***** Provided data

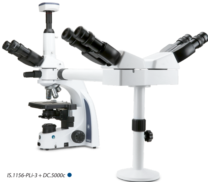
IS.1156-PLi-3 + DC.5000c ●
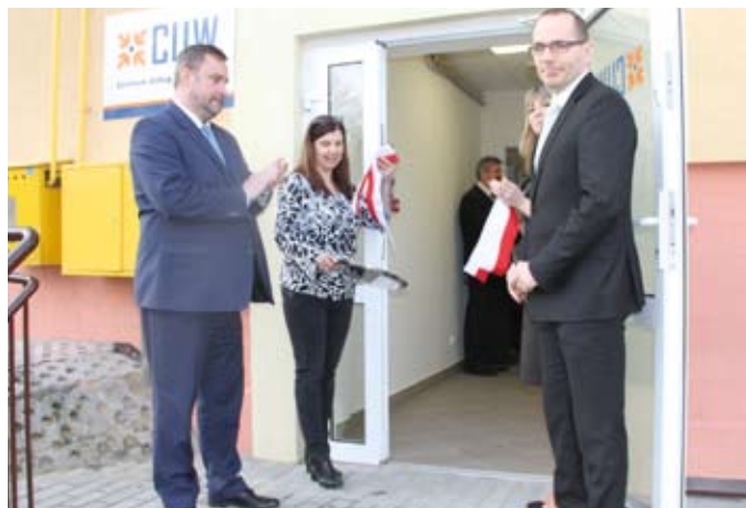
Centrum Usług Wspólnych mieści się przy ul. Kołłątaja 9

Oddziałami Integracyjnymi im. płk. Stanisława Dąbka w Tczewie, – Szkoła Podstawowa nr 11 im. Mikołaja Kopernika w Tczewie, – Szkoła Podstawowa nr 12 im. Bronisława Malinowskiego w Tczewie, – Gimnazjum nr 1 im. gen. Jana Henryka Dąbrowskiego w
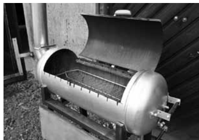
Paštaisītais grils no gāzes balona vēl nav lietots. Gan jau šovasar paspēsot.

Nobijos: ja nu kāds tiešām pamēģina? Tad ir beigas.”
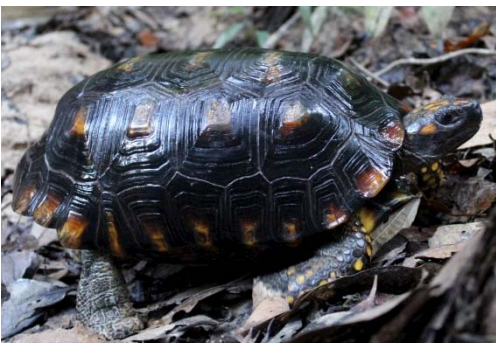
137 Chelonoidis denticulata TESTUDINIDAE
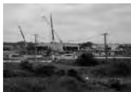
工事中の坂戸西スマートインター

対応ができています。③空き店舗の利用については問題も多く、早急な対応は難しい。アンテナショップ開業には費用も掛かり、一時的なイベントの開催が望ましいと考えている。商工会などと協議しながら、一店逸品運動やB級グルメなどを起爆剤として商業の振興を図りたい。現在サービスエリアでイベントや観光キヤンペーンを開催し、特産物の販売もしているが、坂戸西スマートインターチェンジ近くやサービスエリアにシヨッ
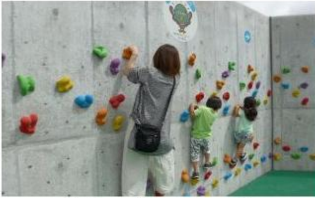
ボルダリング（たみまるの壁）
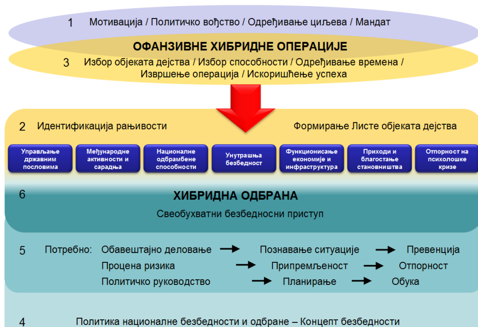
Слика 7 – Планирање и припрема хибридног напада (Висок ниво прегледа хибридног рата 11 )

Детаљније разматрање свих аспеката примене хибридног ратовања још увек није извршено, првенствено јер је његова примена од стране и Руске Федерације забележена тек протеклих година, до када је било једнострано позиционирано као својствено и приписивано, пре свега Западним силама, на челу са САД. Према ставовима одређених аутора може се закључити да се концепт хибридног ратовања састоји од три фазе, при чему се свака фаза састоји од три подфазе. То су: фаза припреме, фаза напада и фаза стабилизације.
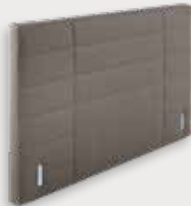
Smart H112 - D11cm
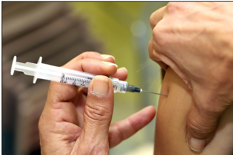
Grupos prioritários devem procurar as unidades vacinadoras de Rio das Ostras de 13h às 16h

Em Rio das Ostras, a Campanha de Vacinação começou no dia 4 de abril, e foram divididas em duas etapas, conforme a orientação do Ministério da Saúde, por meio de Nota Técnica. O governo federal tem como meta vacinar 90% do público alvo contra Influenza e 95% contra sarampo.
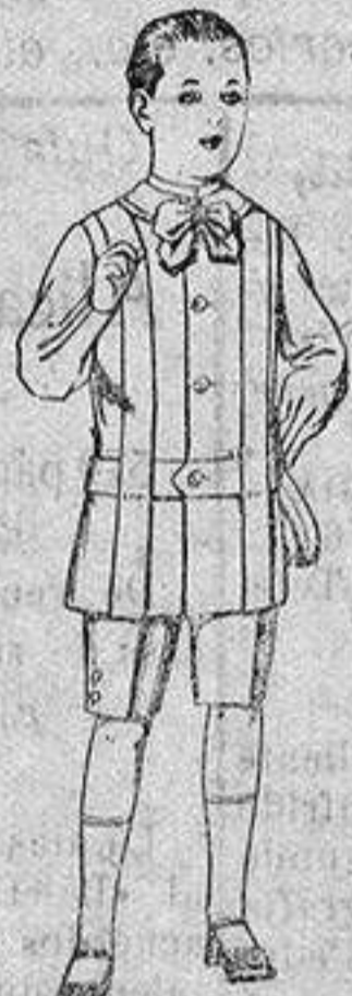
Traje de lanilla, para niños de 4 a 9 años. de ptas. 12 a 31

**********

### [Activity]
Set down only the lines running from the line with "Smart H112 - D11cm" to the end of the entries, inclusive; omit every picture.

### [Response for this exercise]
Smart H112 - D11cm
Grupos prioritários devem procurar as unidades vacinadoras de Rio das Ostras de 13h às 16h

Em Rio das Ostras, a Campanha de Vacinação começou no dia 4 de abril, e foram divididas em duas etapas, conforme a orientação do Ministério da Saúde, por meio de Nota Técnica. O governo federal tem como meta vacinar 90% do público alvo contra Influenza e 95% contra sarampo.
Traje de lanilla, para niños de 4 a 9 años. de ptas. 12 a 31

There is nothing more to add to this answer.